Agriculture
There
is no guarantee farmers’ financial gain can rise because the methodology for
estimating price of production is outdated, defective
·
The Centre has been
announcing MSP for crops each year for 2 seasons — kharif and rabi — since
1965, based on the advice of the Commission for Agricultural prices and costs
(CACP).
·
Initially, it had been
declared just for wheat and paddy.
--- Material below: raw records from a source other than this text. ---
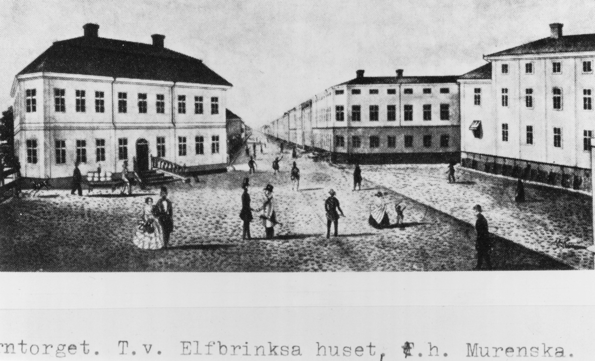 Järntorget (ungefär där Drottninggatan nu möter Centralplan) med Drottninggatan mot väster. Till vänster kommunalrådet Elfbrinks hus, till höger Murenska huset. De förstördes vid stadsbranden 1869.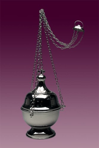 Trybularz mosiężny niklowany, łańcuchy ręcznie zaplatane.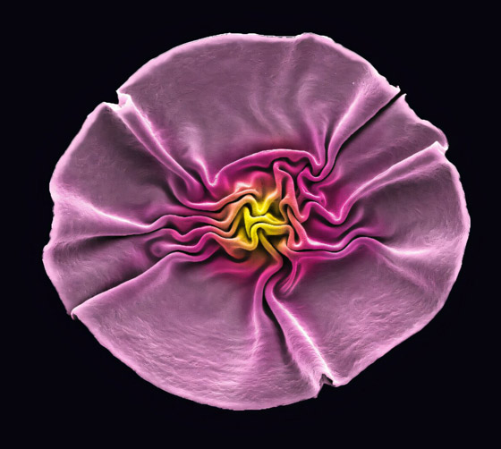 وأثناء اشتغال ذلك الفريق البحثي الجامعي بشكل روتيني، على الفيروسات الملتهمة للبكتيريا، اكتشف شيئاً غير متوقع ظهر أثناء شرائح عنها لتفحُّصها تحت المهجر. وقد فوجئ الباحثون بأنها شكّلت هياكل ثلاثية الأبعاد تشبه زهرة عباد الشمس، لكنها بعرض عُشرَين من الملليمتر.

Over the years, a lot of crops were extra.
·
The MSP is presently
offered for twenty three crops.
·
Historically, the MSP
is determined supported the value of cultivation, input costs, provide and
demand of crops, the value level in world markets, etc.
·
Although the CACP uses
9 totally different price ideas (A1, A2, A2+FL, B1, B2, C1, C2, C2* and C3) for
estimating the value of production, the MSP was fixed supported value A2+FL
formula until 2018.
·
While the value C3
includes all the expenses incurred for crop cultivation, A2 covers solely the
farmer’s out-of-pocket spend on cultivation.
·
That is, value A2+FL
(family labour) doesnt take into account the depreciation value of farm
machinery, the interest on loans, etc.
·
Therefore, the gap
between C3 and A2+FL price is 30-50 per cent for many mandated crops.
·
In such a structure,
crop production becomes unprofitable for farmers.
·
So theyre demanding
MSPs that cover the complete value of production.
·
MS Swaminathan headed
Farmers’ Commission (2006) recommended that MSPs for crops ought to be fixed at
fifty per cent higher than the price of production.
·
Given the continual
demand from farmers, the govt created a historic announcement in Budget 2018-19
that the MSP are fixed a minimum of one-andhalf times the value of production.
·
Since kharif 2018, the
MSP is are fixed based on price A2+FL plus fifty per cent formula.